11

In the last few months I've received few reports from QA about one of our services hanging. Upon examining a hang dump using WinDbg, every time I discovered the same thing: Loader lock critical section is locked but owning thread is nowhere to be found. Since the thread is gone and the only trace that I can see is a global critical section it left behind, I don't see what code ran on thread thread, or even what DLL that thread came from, it may not even be one of ours (i.e. third party vendor).

This issue is very sporadic, only seen it maybe 3-4 times over the last 6 months occurring naturally in the wild. All other times, service runs perfectly. So this makes me believe it's some kind of timing/race condition thing.

Recently, I've decided to take it upon myself to figure this one out. I setup a machine with WinTask script that constantly starts/stops the said service. Good news is that within 5-6 hours I can reproduce the problem.

Now for next part: how do I isolate it?

This is what I've tried so far:

  1. used "debugger" field in gflags image settings to automagically run the service under cdb whenever it starts. So far this has been running for two days and never hung, so I'm thinking debugger introduced just enough of a timing change to make the issue invisible.

  2. Downloaded Application Verifier and configured the process to run with that. Found a completely unrelated bug where we create CComBSTR temporary variable, assign it to a VARIANT and pass the variant into a function call even though CComBSTR long deleted the allocated string by that point. Don't believe this bug is related because string is read-only and the thread it's running on isn't the one that's dying.

I'm making this post in case you guys could think of something that I'm not considering.

I though there was a windows utility that artificially put load on the CPU and did other things to make race conditions pop up and I thought application verifier did such a thing, but apparently it doesn't. Does anyone know what I'm taking about, or did I just dream that up?
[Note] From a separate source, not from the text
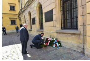
Uroczystość upamiętniająca działaczy WiN i PSL skazanych w procesie krakowskim.

Unless something happens over the weekend my next step would be to disable all debuggers, go back to stock and hack one of DllMains to record THREAD_ATTACH/THREAD_DETACH events. At least I'll be able to intercept the thread that's dying when it gets created. That might shed some light.

DXM
  • 4,413
  • 1
  • 19
  • 29
  • 1
    -1?? why?? did I not show enough detail? does it look I didn't do enough research? do people not ask stackoverflow when they get stumped by software development problems? – DXM Jan 15 '12 at 06:39
  • Yes, this is a perfectly valid question. The only thing that would make it better would be posting some code. I suppose that's why someone drive-by downvoted. – Cody Gray - on strike Jan 15 '12 at 07:46
  • 2
    It's a production app that's been on the market for more than 10 years. I don't even know what DLL is causing the issue, let alone posting closed-source company code online, even if I could copy/paste 5M lines of source code. Have no idea what changed, but first time I saw the problem about 6 months ago. – DXM Jan 15 '12 at 08:03
  • 1
    Don't worry too much about downvoters. I have the impression that some people downvote/try to close any question they don't know the answer to... Good luck in your search, hopefully someone will come with some hints, though the problem is *broad* :) – Matthieu M. Jan 15 '12 at 13:58

4 Answers4

2

Something I might try is attaching a kernel debugger, then run the process under Appilcation Verifier. AV has checks for unloading a DLL while it holds a CS and terminating threads that still hold CS. So those breakpoints should trigger in the kernel debugger and then hopefully you can catch it in the act. Running it under the KD hopefully won't slow it down like the user-mode debugger does.

jcopenha
  • 3,935
  • 1
  • 17
  • 15
  • kernel debugger... interesting. That's a whole realm I've never ventured into. Might be an option if all else fails. This way I can have the debugger running and monitoring things while service starts and stops. I'll need a second machine for this, right? Do I also need a serial cable or do they have other means these days? – DXM Jan 15 '12 at 20:00
  • the easiest way is in a virtual machine, and then the VM exports the COM port as a named pipe that windbg knows how to connect to. – jcopenha Jan 15 '12 at 20:11
  • I'm trying not to breath on this machine more than I have to. VM might scare this bug off just like cdb did. So assuming I leave it where it is, serial cable, right? – DXM Jan 15 '12 at 20:16
  • in that case yes, serial cable, 1394, or USB but you'll want to google for some good instructions as all of my experience has been VM based. – jcopenha Jan 16 '12 at 01:58
  • Although I didn't get to trying what you suggested, you definitely presented me an alternative I haven't considered. Adding one more to the toolbox. Thank you. – DXM Jan 17 '12 at 02:45
1

So turns out I was closer to the solution than I realized. With the service running under cdb, which altered the timing and then running it with application verifier, which altered the timing even more (page heap enabled makes allocation slower), the secret ingredient I was missing was prime95.exe. Running prime95.exe at above normal priority, really screwed up whatever timing I was trying not to change, but it made the problem show up in under 15 minutes.

The cause:

3rd party SDK for acquiring data from hardware boards. When our service starts up, we would query different capture components for their capabilities. After the query is done, we release the component instance. Apparently this one DLL started a separate thread, which acquired a loader lock and then proceeded to do a bunch of initialization in that thread. If during that time, our capability query got done and we released the component, their code would call TerminateThread() on this other thread leaving the loader lock permanently locked. Prime95 slowed everything down just enough for me to catch this race condition and get the following verifier stop message:

=======================================
VERIFIER STOP 00000200: pid 0x1A8C: Thread cannot own a critical section. 

0000091C : Thread ID.
77E17340 : Critical section address.
00000000 : Critical section debug information address.
00000000 : Critical section initialization stack trace.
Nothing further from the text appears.